Izv. Math. 67, No. 1, 91-119 (2003); translation from Izv. Ross. Akad. Nauk Ser. Mat. 67, No. 1, 99-130 (2003).
Let \(L\) be a subset of a real Banach space \((X,\|\cdot\|_X)\) and \(x\in X\). The (multi-valued) map \(x\to P_{L,\varepsilon}(x)= \{z\in L:\| x-z\|_X\leq \text{dist}(x,L)+ \varepsilon\}\), \(\varepsilon> 0\) is called the operator of almost best approximation or \(\varepsilon\)-projection of \(x\). For \(Y,Z\subset X\), let \(C(Y,Z)\) denote the set of all maps from \(Y\) to \(Z\) that are continuous in the sense of the norm \(\|\cdot\|_X\). A map \(G: x\to z\in P_{L,\varepsilon}\) is called an \(\varepsilon\)-selection for the operator of almost best approximation. If, in addition \(G\in C(X,L)\), then \(G\) is called a continuous \(\varepsilon\)-selection to \(L\).

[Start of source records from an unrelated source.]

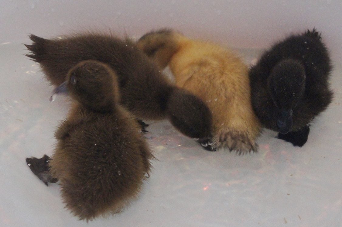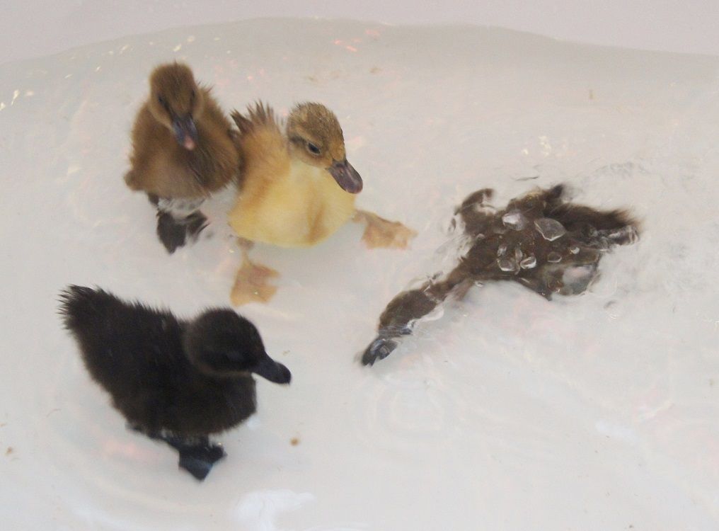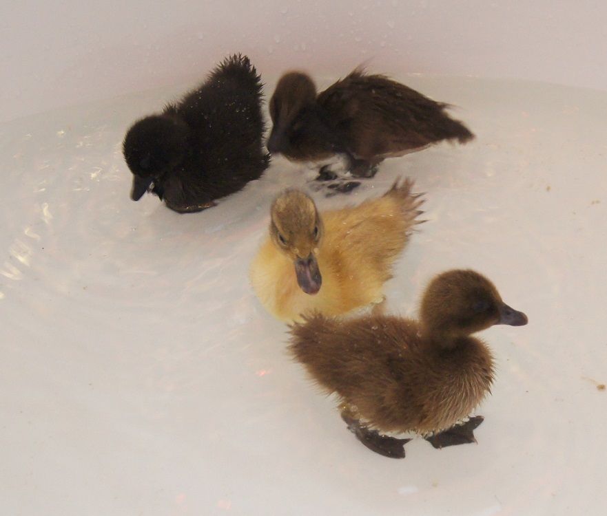 So I turned the little wall space heater up in our bathroom and the heat lamps, and the four ducklings had their first swim..
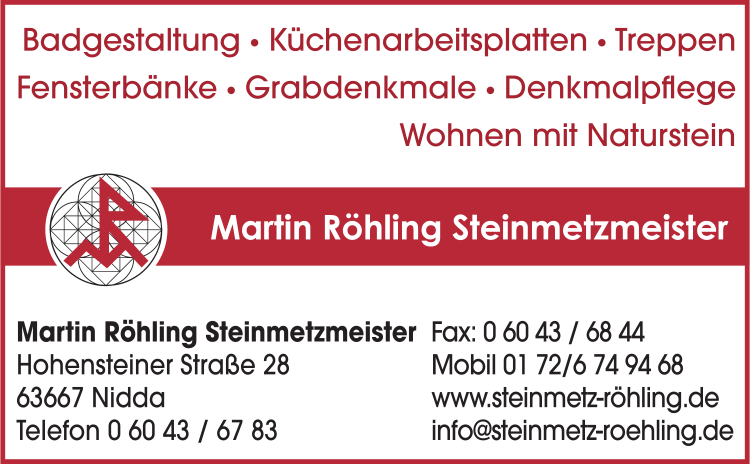 Die Adresse von Röhling Martin Steinmetzmeister lautet: Hohensteiner Str. 28, 63667 Nidda
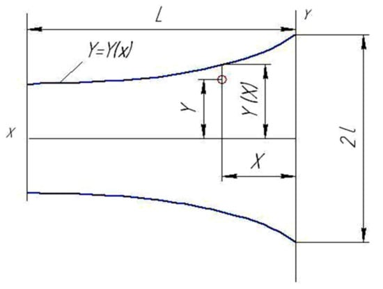 When calculating by the condition y(x) ≥ l, the width of the operating device along the entire length remains constant.
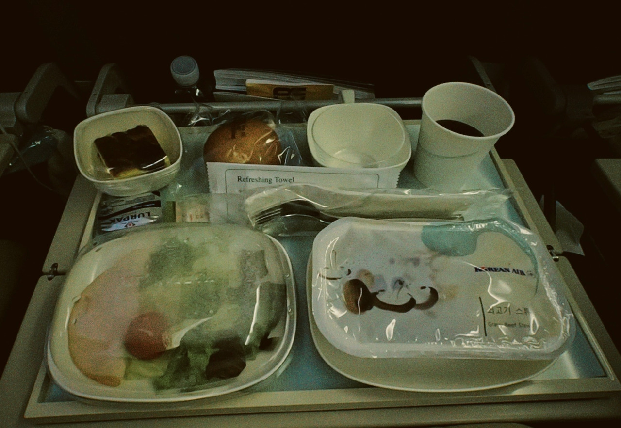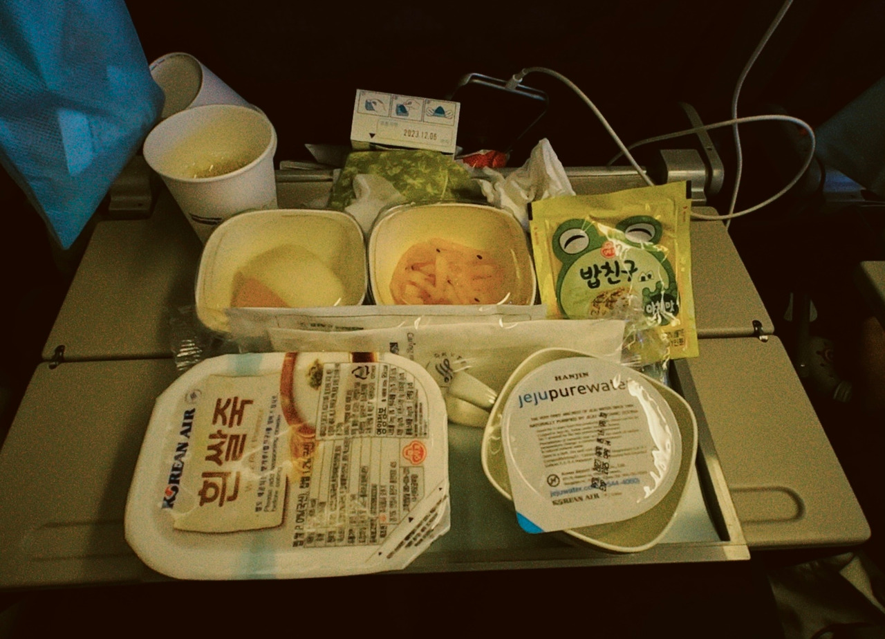 식사 후 1시간 정도 시간이 남아서 면세점 구경을 한 후 뱅기에 탑승했다. 델타항공과 대한항공의 코드셰어를 이용했기 때문에 우리는 대한항공을 탈 수 있었다. 대한항공 특유의 퍼런 뱅기를 기대했지만 캐나다에 갈 때는 SKYTEAM이라고 쓰인 하얀 뱅기를 이용했다. 16시 40분에 출발했기 때문에 이륙을 하고 안정권에 들어가자마자 거의 바로 저녁 기내식이 나왔다. 개인적으로 여행이 설레는 이유 중 하나가 기내식이다. 맛을 굳이 따지자면 엄청 맛있는 것은 아니지만, 뭔가 아기자기하고 쌈박한 바이브가 좋아서 기내식을 좋아하는 것 같다.
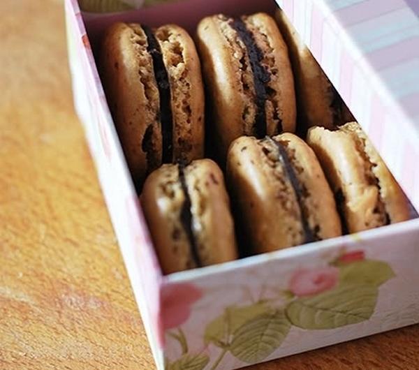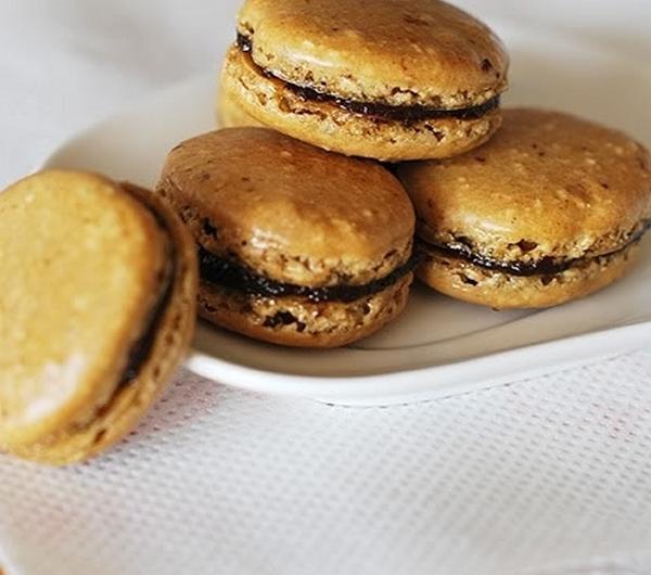 Składniki :makaroniki :100g białek (mniej więcej 3)40g drobnego cukru200g cukru pudru120g mielonych migdałów1 łyżka kawy mielonej lub rozpuszczalnejkrem czekoladowy:100g czekoladykilka łyżek śmietanki lub oleju, jeśli musimy unikać nabiałuewentualnie cukier do smaku (bez przesady, makaroniki są dość słodkie, pasuje więc do nich krem nieco bardziej wytrawny)ewentualnie trochę rumu lub pasującego likieruPrzygotowanie :Makaroniki : białka trzeba rozdzielić przynajmniej dzień wcześniej. Trzymamy je przykryte w lodówce i wyjmujemy nieco wcześniej przed przygotowaniem makaroników, tak aby były mniej więcej w temperaturze pokojowej.Migdały trzeba zmielić razem z kawą i cukrem pudrem w malakserze na drobny proszek.Białka ubić na dość sztywną pianę, dodać drobny cukier i jeszcze chwilę ubijać. Piana ma być sztywna ale nie ma się rwać (to właściwie ogólna zasada odnośnie ubijania piany z białek).Teraz będzie najważniejszy krok dla makaroników. Do piany wsypujemy migdały zmielone z kawą i cukrem pudrem i mieszamy wszystko razem łyżką. Mieszana substancja będzie robiła się coraz rzadsza, trzeba uchwycić właściwy moment. Musi być na tyle rzadka, żeby makaroniki się nieco rozpłynęły, ale nie aż tak by były płaskie jak opłatki. Można sprawdzać wykładając trochę masy na talerzyk. Jeśli po wstrząśnięciu talerzykiem masa rozpłynie się na równiutkie, ale wypukłe kółko to jest ok, a jak trzyma krzywy kształt to mieszamy jeszcze 2-3 razy. Jeśli się rozpływa za szybko to jest za późno i zaczynamy od nowa.Można nakładać makaroniki łyżeczką ale łatwiej to zrobić z rękawa cukierniczego. Jeśli nie mamy to bierzemy torebkę ze sztywnej folii i ucinamy jeden róg, też będzie dobrze. Można również zwinąć nieco pergaminu w tytkę. Końcówka do szprycowania musi być okrągła i dość szeroka (mniej więcej 1cm średnicy), jeśli takiej nie mamy to nie bierzemy żadnej tylko szprycujemy wprost z rękawa.Na blachę wyłożoną pergaminem nakładamy okrągłe ciasteczka o średnicy około 3 cm w odstępach około 2-3cm. Jak skończymy to trzeba uderzyć blachą płasko w stół, tak aby makaroniki się nieco rozpłynęły. Z tej proporcji wyjdą 2 blachy ciasteczek.Odstawiamy przygotowane blachy na około godzinę do obeschnięcia. Nagrzewamy piekarnik do 160°C, wstawiamy ciasteczka i pieczemy przez jakieś 15 minut. Potem wyjmujemy i odstawiamy do wystygnięcia. Dopiero potem odklejamy je od papieru (ciepłe mogą się rozwarstwić).Krem czekoladowy : czekoladę roztapiamy w kąpieli wodnej razem ze śmietanką lub olejem. Można dodać rum lub likier, wymieszać aż krem będzie gładki i odstawić do przestygnięcia.Nakładać odrobinę czekolady na ciasteczka i sklejać je parami.Uwagi: zamiast kawy można użyć kakao, zielonej herbaty lub innych sproszkowanych substancji smakowych. Często dodaje się też barwniki spożywcze dla uzyskania pojechanych kolorów makaroników, przy czym one również powinny być w proszku a nie w płynie, żeby nie rozcieńczać masy makaronikowej. Nadziewamy ulubionym kremem, zazwyczaj pasującym kolorystycznie i smakowo do ciasteczek.

In this paper, the author discusses the problem of the existence of a continuous selection for the metric projection \((P_{L,0})\) to the set of \(n\)-link piecewise-linear functions in the space \(([0,1]\) with the uniform norm. It is shown that there is a continuous selection \((\varepsilon= 0)\) if and only if \(n=1\) or \(n=2\) and that there is a continuous \(\varepsilon\)-selection to \(L\subset C[0,1]\) if \(L\) belongs to a certain class of sets that contains, in particular, the set of algebraic rational fractions and the set of piecewise-linear functions. An example is constructed showing that sometimes there is no \(\varepsilon\) for a set of splines of degree \(d> 1\).

MSC:

41A15 Spline approximation
41A65 Abstract approximation theory (approximation in normed linear spaces and other abstract spaces)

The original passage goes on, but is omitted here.